List & Monetize Your Skill
Submit your Claude Code skill and start earning
Use Cases▌
Task Automation & Efficiency
Automate repetitive workflows and reduce manual effort
Example
Generate reports, summarize documents, draft communications
Save 3-5 hours per week on routine tasks
Knowledge Enhancement
Learn new skills, understand complex topics, get expert guidance
Example
Explain concepts, provide examples, suggest learning resources
Accelerate learning and skill development by 2x
Quality Improvement
Enhance output quality through reviews, suggestions, and refinements
Example
Review drafts, suggest improvements, catch errors
Improve work quality by 30-40% with less effort
Implementation Guide▌
Prerequisites
- ›Claude Desktop or compatible AI client with skill support
- ›Clear understanding of task or problem to solve
- ›Willingness to iterate and refine outputs
Time Estimate
15-45 minutes depending on use case complexity
Installation Steps
- 1.Install skill using provided installation command
- 2.Test with simple use case relevant to your work
- 3.Evaluate output quality and relevance
- 4.Iterate on prompts to improve results
- 5.Integrate into regular workflow if valuable
Common Pitfalls
- ⚠Expecting perfect results without iteration
- ⚠Not providing enough context in prompts
- ⚠Using skill for tasks outside its intended scope
- ⚠Accepting outputs without review and validation
Best Practices▌
✓ Do
- +Start with clear, specific prompts
- +Provide relevant context and constraints
- +Review and refine all outputs before using
- +Iterate to improve output quality
- +Document successful prompt patterns
✗ Don't
- −Don't use without understanding skill limitations
- −Don't skip validation of outputs
- −Don't share sensitive information in prompts
- −Don't expect skill to replace human judgment
💡 Pro Tips
- ★Be specific about desired format and style
- ★Ask for multiple options to choose from
- ★Request explanations to understand reasoning
- ★Combine AI efficiency with human expertise
When to Use This▌
✓ Use When
Use when skill capabilities match your task, clear ROI on time saved, and you can validate outputs. Best for repetitive tasks, learning, and quality improvement.
✗ Avoid When
Avoid when task requires deep expertise you can't validate, involves sensitive decisions, or when learning process is more valuable than speed of completion.
Learning Path▌
- 1Familiarize yourself with skill capabilities and limitations
- 2Start with low-risk, non-critical tasks
- 3Progress to more complex and valuable use cases
- 4Build expertise through regular use and experimentation
Discussion
Product Hunt–style comments (not star reviews)- No comments yet — start the thread.
Ratings
4.5★★★★★61 reviews- ★★★★★Xiao Taylor· Dec 28, 2024
Solid pick for teams standardizing on skills: performing-service-account-audit is focused, and the summary matches what you get after install.
- ★★★★★Nia Sharma· Dec 28, 2024
performing-service-account-audit reduced setup friction for our internal harness; good balance of opinion and flexibility.
- ★★★★★Aditi Khan· Dec 12, 2024
We added performing-service-account-audit from the explainx registry; install was straightforward and the SKILL.md answered most questions upfront.

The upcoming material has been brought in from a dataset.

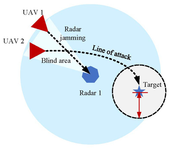 When the UAV is in a radar jamming state, it exerts an oppressive jamming effect on the detection signal of the hostile radar through the jamming equipment it carries. In the circular detection area of hostile radar, a sector detection blind area is created. In this sector blind area, Red will not be detected by radar. Due to the directionality of the electromagnetic wave emitted by radar jamming, the UAV can only play a role in jamming hostile radar within a certain range.

- ★★★★★Aanya Park· Nov 19, 2024
Registry listing for performing-service-account-audit matched our evaluation — installs cleanly and behaves as described in the markdown.
- ★★★★★Daniel Rao· Nov 19, 2024
We added performing-service-account-audit from the explainx registry; install was straightforward and the SKILL.md answered most questions upfront.
- ★★★★★Aanya Huang· Nov 11, 2024
performing-service-account-audit fits our agent workflows well — practical, well scoped, and easy to wire into existing repos.
- ★★★★★Xiao Thomas· Nov 3, 2024
performing-service-account-audit reduced setup friction for our internal harness; good balance of opinion and flexibility.
- ★★★★★Xiao Lopez· Oct 22, 2024
performing-service-account-audit is among the better-maintained entries we tried; worth keeping pinned for repeat workflows.
- ★★★★★Aditi Park· Oct 10, 2024
Useful defaults in performing-service-account-audit — fewer surprises than typical one-off scripts, and it plays nicely with `npx skills` flows.
- ★★★★★Ira Singh· Oct 10, 2024
Keeps context tight: performing-service-account-audit is the kind of skill you can hand to a new teammate without a long onboarding doc.